Now it's possible to supply endpoints for each sentinel which allows them to have different credentials.

However, I'm not sure how TLS would or should work for the actual instances. GET-MASTER-ADDR-BY-NAME only returns a host and port, not a URL e.g. rediss:// which would allow us to deduce the connection parameters.

I suppose what we could do is make the address construction a method, and allow sub-classes to override it, because I'm not sure if there is any general approach here.

jlledom commented 1 week ago

Now it's possible to supply endpoints for each sentinel which allows them to have different credentials.

I think that's not allowed. The docs say:

Note that Sentinel's authentication configuration should be applied to each of
the instances in your deployment, and all instances should use the same configuration.

I understood this as: it's mandatory that all instances use the same credentials. Also the example sentinels.conf file in the repo is more clear:

# You can configure Sentinel itself to require a password, however when doing
# so Sentinel will try to authenticate with the same password to all the
# other Sentinels. So you need to configure all your Sentinels in a given
# group with the same "requirepass" password. Check the following documentation
# for more info: https://redis.io/topics/sentinel

However, I'm not sure how TLS would or should work for the actual instances. GET-MASTER-ADDR-BY-NAME only returns a host and port, not a URL e.g. rediss:// which would allow us to deduce the connection parameters.

If I understood your code correctly, Redis::Endpoint doesn't currently accept SSL params, and the only param it sets is verify_mode. IMO, Redis::Endpoint should accept two more options: :ssl and :ssl_params. :ssl should determine whether a secure connection is used or not, rather than :scheme, and if :ssl is true, then :ssl_params should be used to build the ssl context. My implementation might be useful.
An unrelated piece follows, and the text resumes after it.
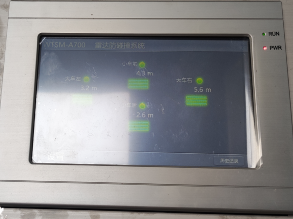 3、防撞雷達(dá)系統(tǒng)實(shí)時(shí)監(jiān)測吊鉤的下方,當(dāng)有危險(xiǎn)目標(biāo)(如行貨物架或其它堆放的物體)出現(xiàn),雷達(dá)系統(tǒng)提前向吊車司機(jī)發(fā)出報(bào)警,使司機(jī)及時(shí)作出反應(yīng),同時(shí)雷達(dá)輸出信號(hào)到達(dá)吊車控制系統(tǒng),根據(jù)情況進(jìn)行自動(dòng)停車或減速。

I don't think there's any other way to connect to TLS protected instances than sending :ssl and :ssl_params to the SentinelClient initializer and pass them along to the endpoint initializer.

ioquatix commented 1 week ago

Understood, so in any case, the sentinels should all have the same credentials.

Regarding Async::Redis::Endpoint, it does accept ssl_context which is the most general ssl configuration mechanism (ssl_params is more specific, but we could also add support for it).

I added the documentation here: https://github.com/socketry/async-redis/commit/6a75f890e67c57ff4d6417dc835379c13bf097d3

In this way, the sentinels could be using TLS but it may also need to be identical, or perhaps it's simply not supported?

jlledom commented 1 week ago

Regarding Async::Redis::Endpoint, it does accept ssl_context which is the most general ssl configuration mechanism

I added the documentation here: 6a75f89

I understand.

In this way, the sentinels could be using TLS but it may also need to be identical, or perhaps it's simply not supported?

Sentinels can be TLS protected. According to the docs, a sentinel will listen in the TLS port only when tls-replication is enabled. Which means TLS must be enabled for all sentinels or none. However, I don't know whether all sentinels must share the same SSL context. I'd say it's not really needed, any sentinel can have its own TLS cert and key as long as all of them accept connections from each other and from a client.

About how to connect to master from SentinelClient, the initializer can accept a new option :client_ssl_context to be used when acting as a client, i.e. when connecting to instances.

ioquatix commented 1 week ago

I think we should provide some more generic mechanism, like client_endpoint_options or something. It's used to construct the client endpoint from the host/port etc.